The state Department of Environmental Quality released the results Tuesday, and spokesman Bill Hayden said the agency will consult outside specialists on the next step.

The new test results mean that investigators will look at natural foam-causing chemicals.

For example, some plants and algae release foamy chemicals when they rot.

Patches of white or brownish foam have shown up on the James in the Richmond area on and off since spring.

The department has investigated the foam since early June.

Richmond officials said water drawn from the river is safe.

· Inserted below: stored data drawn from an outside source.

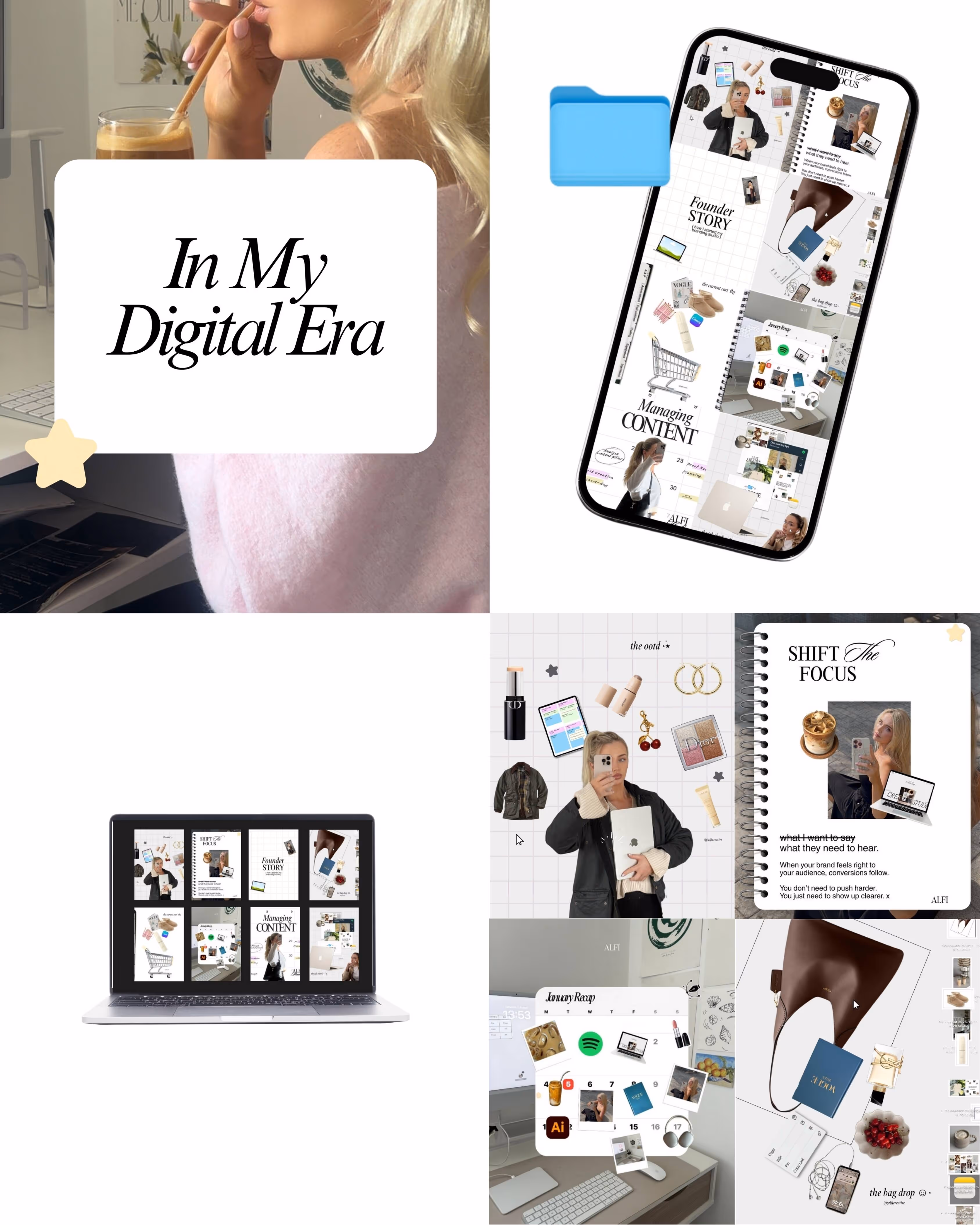 Designed for it-girl creators, social media marketers, and anyone building a brand in the online space. Brief; Think clean-girl polish with playful, refined energy that feels confident, current, and effortlessly elevated.
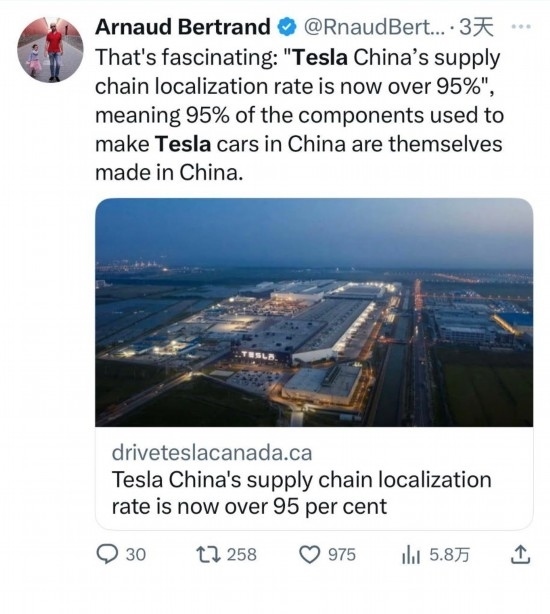 貝特朗還常為中國(guó)發(fā)展“點(diǎn)贊”。他在轉(zhuǎn)發(fā)特斯拉上海超級(jí)工廠新聞時(shí)由衷贊嘆:“真是太厲害了,這表示在中國(guó)生產(chǎn)特斯拉汽車(chē)所用的95%的零部件都是中國(guó)制造?!保▍⑴c記者:陳紹華、張曼;視頻:淡然、王沛;編輯:魯豫、王豐豐、杜逾舸、孫浩)
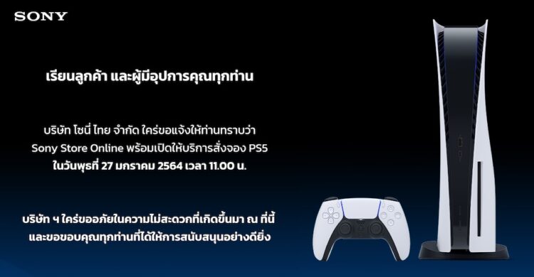 ล่าสุดทาง Sony Store Thailand ได้ออกมาประกาศแล้วว่า จะพร้อมเปิดให้ทำรายการสั่งจอง PlayStation 5 ทางออนไลน์อีกครั้ง ในวันพุธที่ 27 มกราคม 2564 เวลา 11.00 น. พร้อมกล่าวขอบคุณและขออภัยในความไม่สะดวกที่เกิดขึ้น
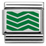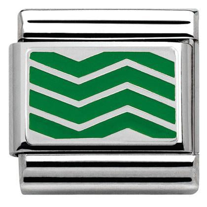 Composable Classic size charm in stainless steel with sterling silver green enamel Zig Zag symbol.
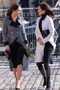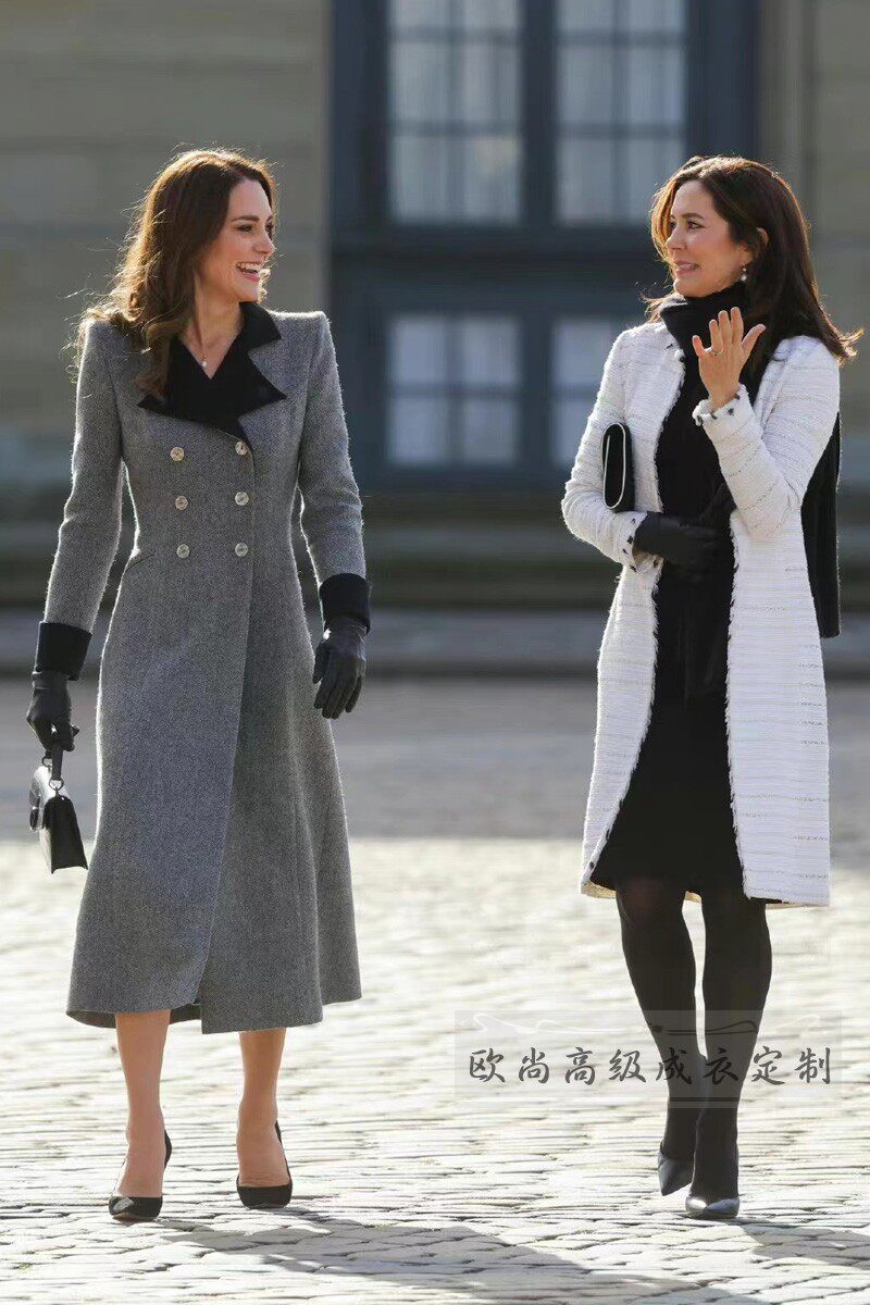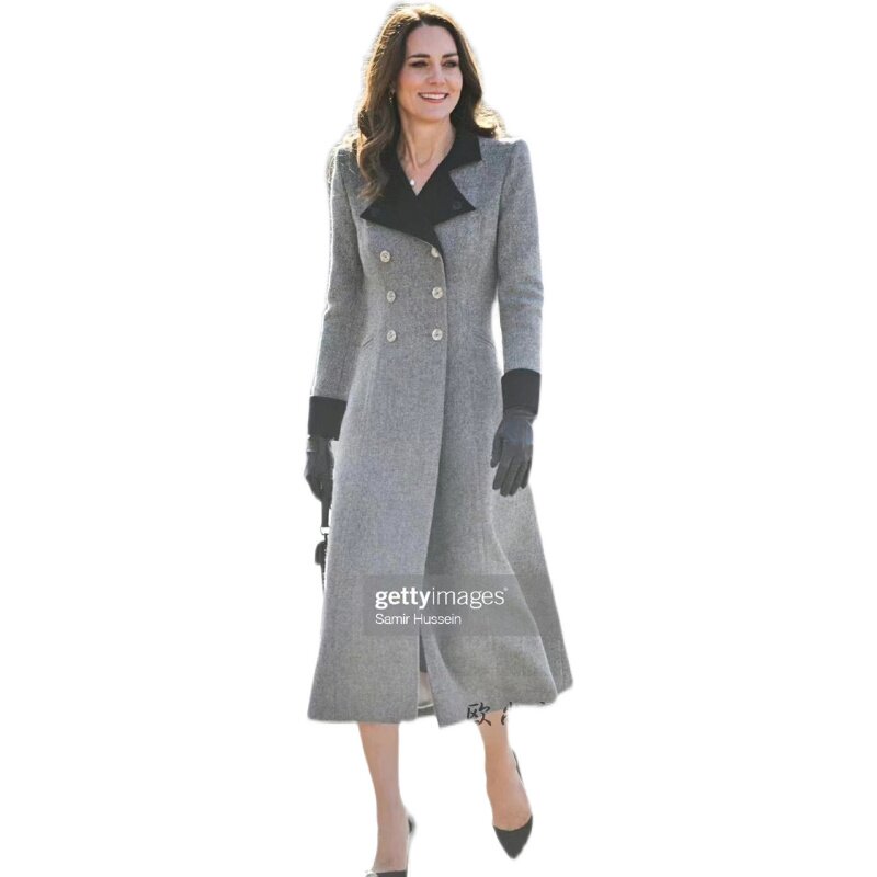 高级定制凯特王妃同款 通勤OL 灰色双排扣羊绒羊毛大衣外套拼色修身

Driver feared for his safety

A Loudoun County prosecutor said the victim in an suspected road-rage incident Saturday near Washington Dulles International Airport approached another car in a hostile manner before being run over and killed.

But prosecutors are pursuing second-degree murder charges against Indeshaw Adenaw of Gaithersburg.

A judge denied bail for Mr. Adenaw yesterday while he awaits trial.

Mr. Adenaw’s attorney, John Zwerling, said his client faced a difficult choice when the victim, Charles Vo of Sterling, pulled in front of Mr. Adenaw’s car in the passing lane of the airport’s access highway.

Mr. Zwerling suggested that his client feared not only for his own safety, but also for the safety of two small children riding with him.

Prosecutors said the altercation apparently began when Mr. Vo thought Mr. Adenaw nearly sideswiped his car.

Police said Mr. Vo then chased Mr. Adenaw and cut him off.